* [ASSIGNMENT]: When you copy the data that follows, reproduce every word exactly and leave out the images.

* [MATERIAL PROVIDED]:
________

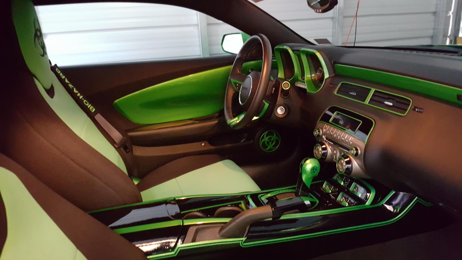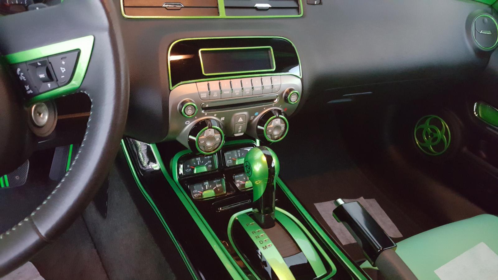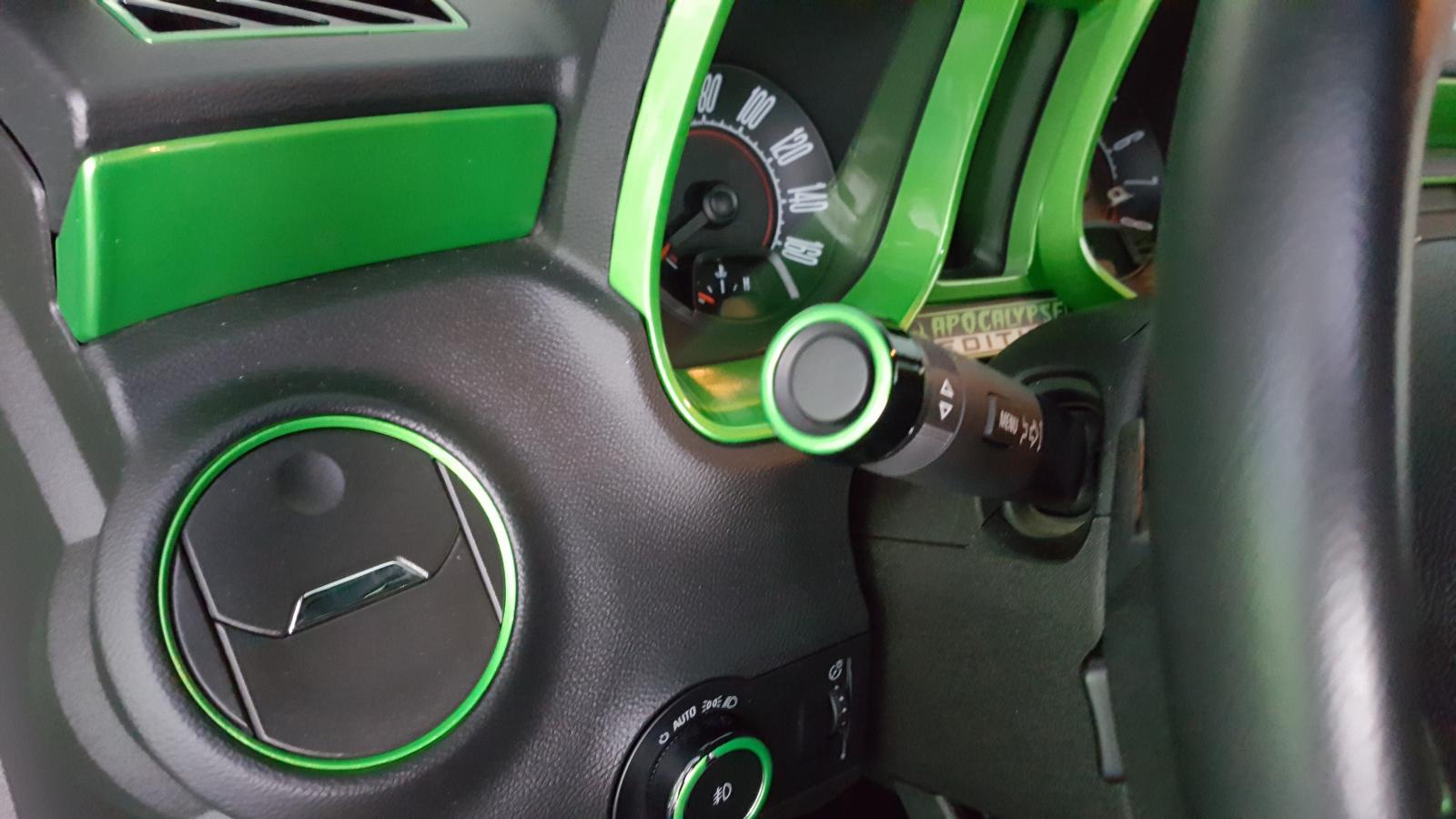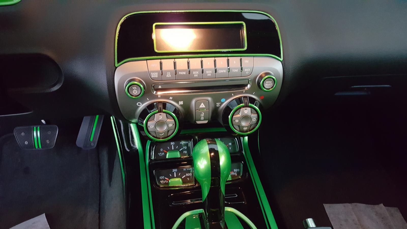 I did a lot of detail stuff and went crazy with Lupe from River city creations .And then pick up some stealth Black hose clamps for the CAI , so I could get the shinny metal out of the engine bay ...Next is a new Green Air Filter ... Here's my list Item Price Qty Price Camaro Trunk Latch Cover 2010-2015Item #: RCC-202 Choose Color: Black Stripe color: Synergy Green Metallic Side Dash Covers Item #: RCC-085 Choose Color: Black Choose Color of stripes if wanted: Synergy Green Metallic Trunk Latch PullItem #: RCC-100 Choose Color: Black Stripe color: Synergy Green Metallic Custom Painted A/C Control Knob CoversItem #: BC-001-1 Main overall color: Black Stripe color: Synergy Green Metallic i understand that i am only receiving 2 A/C knob covers: i understand that i am only receiving the 2 A/C knob covers Billet Door Locks (STOCK)Item #: BC-009 Choose Color: Black Custom Painted Head Lights Knob Item #: BC-015-1 Main overall color: Black Custom Painted Radio Knobs Item #: BC-024-1 Main overall color: Black Stripe color: Synergy Green Metallic Custom Painted Turn-Signal Knob Bezel Item #: BC-034-1 Main overall color: Black Custom Painted Windshield Washer Control Knob Bezel Item #: BC-037-1 Main overall color: Black
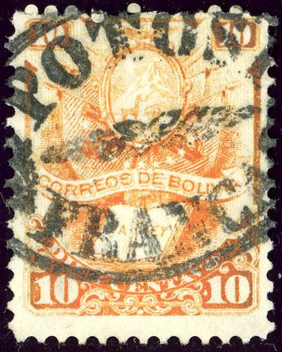 | Keywords: 1878 Bolivia 10c PotosiFranca Mi19.jpg  POTOSI Michel N°19 1878 2014-05-16 19 17 03 own American Bank Note Co Scan of cancelled stamp > 100 years old cc-zero Stamps of Bolivia Postmarks of Bolivia Stamps printed by the American Bank Note Company 1878 stamps Uploaded with UploadWizard Potosí |
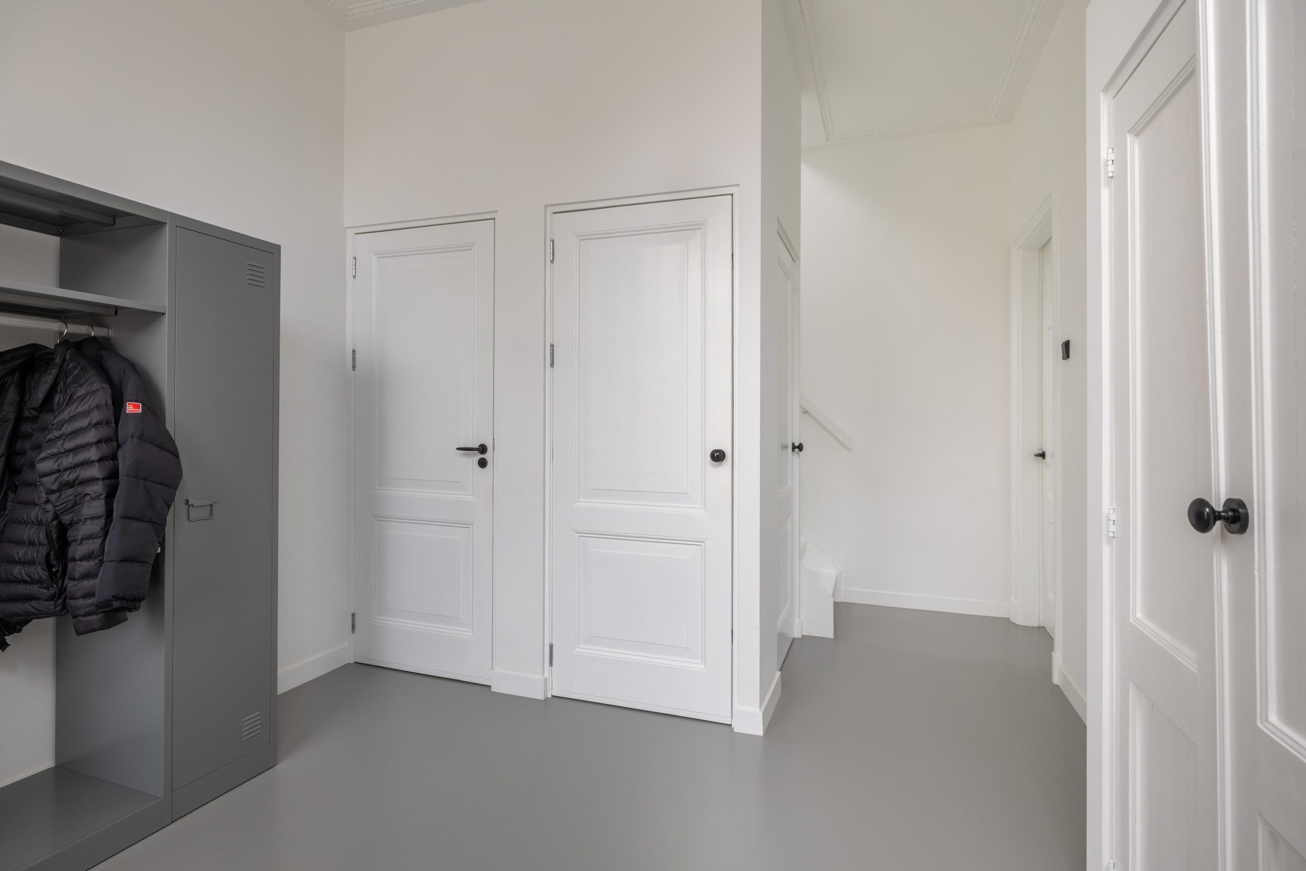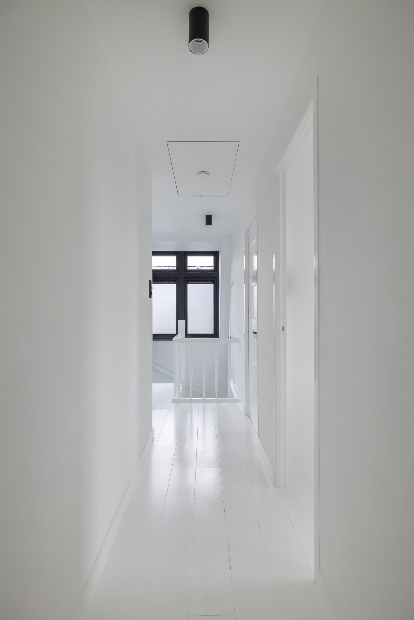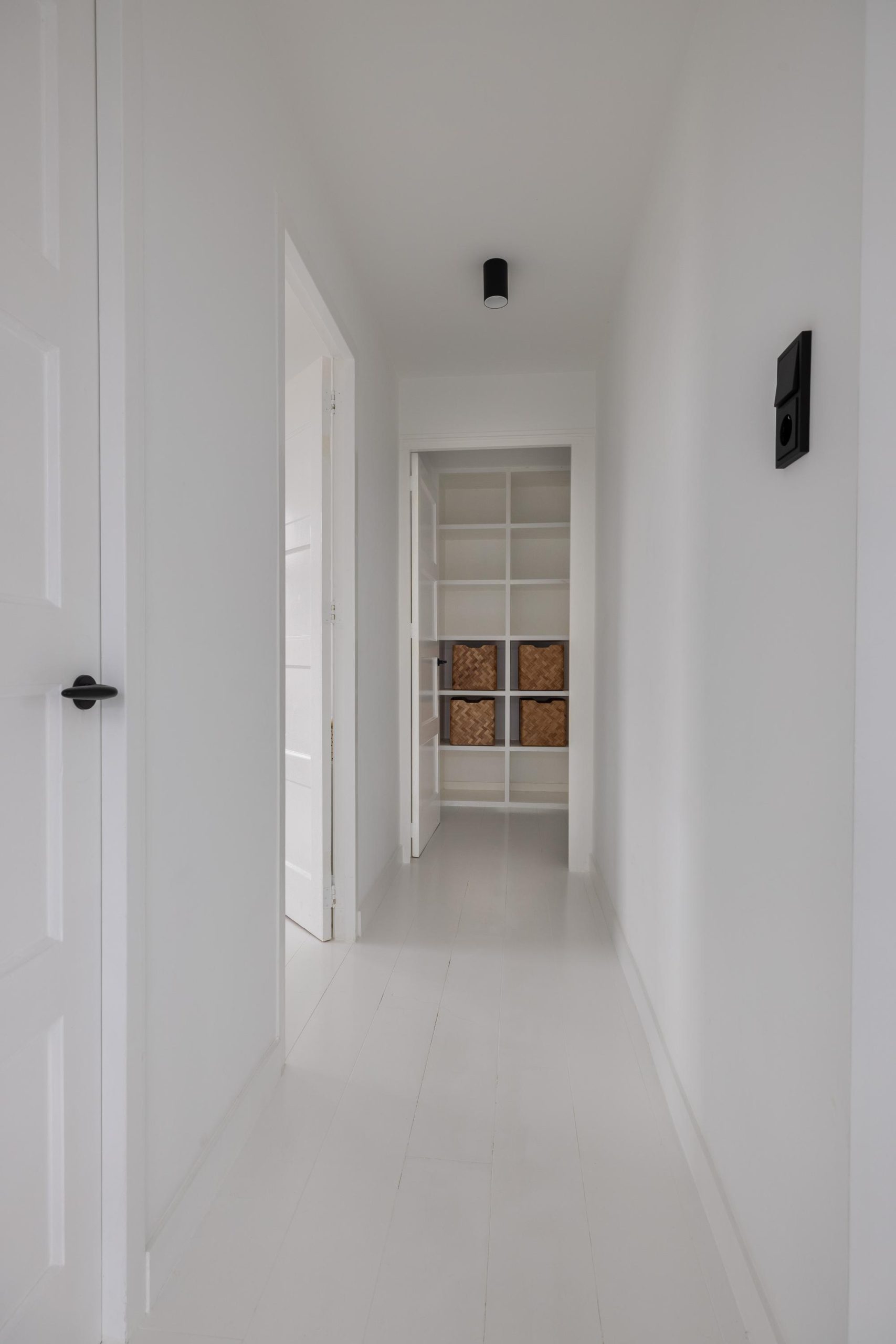 Bij binnenkomst zet de ruime hal direct de toon. Strakke wanden, mooie lijnen en een rustige uitstraling. Het toilet is netjes weggewerkt en de praktische witgoedkast zorgt ervoor dat alles logisch en opgeruimd aanvoelt. Dit is geen binnenkomst waar je snel doorheen loopt, dit is een entree die klopt.

________

* [SOLUTION FOR THIS EXERCISE]:
 I did a lot of detail stuff and went crazy with Lupe from River city creations .And then pick up some stealth Black hose clamps for the CAI , so I could get the shinny metal out of the engine bay ...Next is a new Green Air Filter ... Here's my list Item Price Qty Price Camaro Trunk Latch Cover 2010-2015Item #: RCC-202 Choose Color: Black Stripe color: Synergy Green Metallic Side Dash Covers Item #: RCC-085 Choose Color: Black Choose Color of stripes if wanted: Synergy Green Metallic Trunk Latch PullItem #: RCC-100 Choose Color: Black Stripe color: Synergy Green Metallic Custom Painted A/C Control Knob CoversItem #: BC-001-1 Main overall color: Black Stripe color: Synergy Green Metallic i understand that i am only receiving 2 A/C knob covers: i understand that i am only receiving the 2 A/C knob covers Billet Door Locks (STOCK)Item #: BC-009 Choose Color: Black Custom Painted Head Lights Knob Item #: BC-015-1 Main overall color: Black Custom Painted Radio Knobs Item #: BC-024-1 Main overall color: Black Stripe color: Synergy Green Metallic Custom Painted Turn-Signal Knob Bezel Item #: BC-034-1 Main overall color: Black Custom Painted Windshield Washer Control Knob Bezel Item #: BC-037-1 Main overall color: Black
 | Keywords: 1878 Bolivia 10c PotosiFranca Mi19.jpg  POTOSI Michel N°19 1878 2014-05-16 19 17 03 own American Bank Note Co Scan of cancelled stamp > 100 years old cc-zero Stamps of Bolivia Postmarks of Bolivia Stamps printed by the American Bank Note Company 1878 stamps Uploaded with UploadWizard Potosí |
 Bij binnenkomst zet de ruime hal direct de toon. Strakke wanden, mooie lijnen en een rustige uitstraling. Het toilet is netjes weggewerkt en de praktische witgoedkast zorgt ervoor dat alles logisch en opgeruimd aanvoelt. Dit is geen binnenkomst waar je snel doorheen loopt, dit is een entree die klopt.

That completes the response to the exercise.